How to complete this task: The reply should reproduce every line of the data below word for word, minus any images.

═══ Provided data ═══

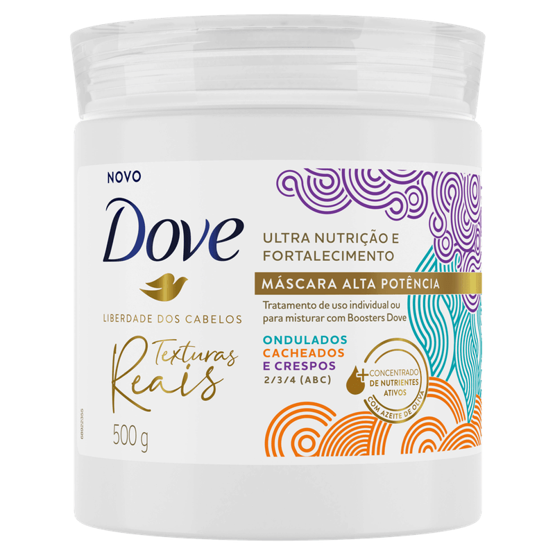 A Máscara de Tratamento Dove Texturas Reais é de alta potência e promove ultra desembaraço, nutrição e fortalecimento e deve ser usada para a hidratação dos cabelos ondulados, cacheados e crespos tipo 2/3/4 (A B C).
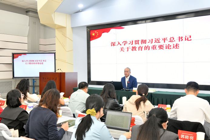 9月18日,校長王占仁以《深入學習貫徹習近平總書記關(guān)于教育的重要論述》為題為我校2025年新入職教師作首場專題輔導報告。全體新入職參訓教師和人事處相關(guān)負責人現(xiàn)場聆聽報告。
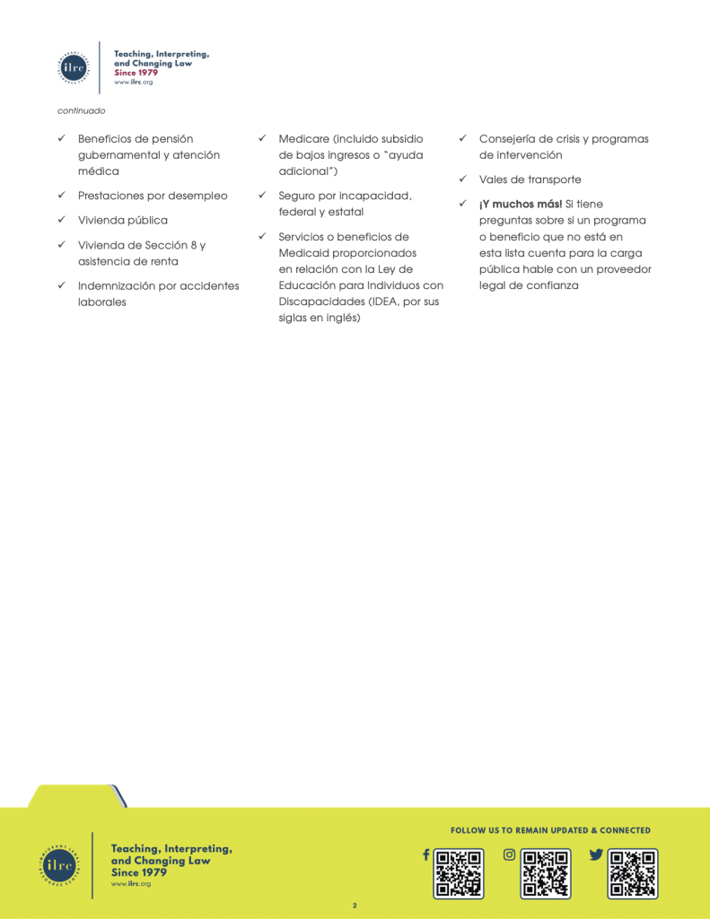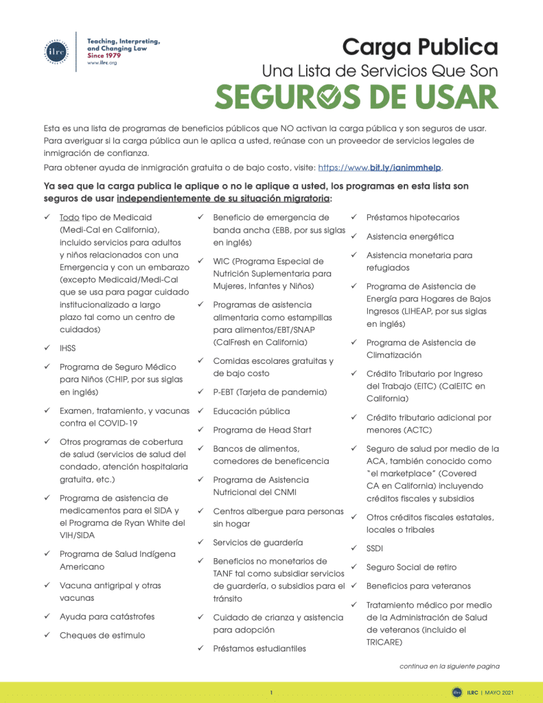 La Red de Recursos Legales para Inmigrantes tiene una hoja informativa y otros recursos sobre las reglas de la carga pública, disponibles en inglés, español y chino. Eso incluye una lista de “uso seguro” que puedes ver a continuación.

═══

Solution to the exercise:
 A Máscara de Tratamento Dove Texturas Reais é de alta potência e promove ultra desembaraço, nutrição e fortalecimento e deve ser usada para a hidratação dos cabelos ondulados, cacheados e crespos tipo 2/3/4 (A B C).
 9月18日,校長王占仁以《深入學習貫徹習近平總書記關(guān)于教育的重要論述》為題為我校2025年新入職教師作首場專題輔導報告。全體新入職參訓教師和人事處相關(guān)負責人現(xiàn)場聆聽報告。
 La Red de Recursos Legales para Inmigrantes tiene una hoja informativa y otros recursos sobre las reglas de la carga pública, disponibles en inglés, español y chino. Eso incluye una lista de “uso seguro” que puedes ver a continuación.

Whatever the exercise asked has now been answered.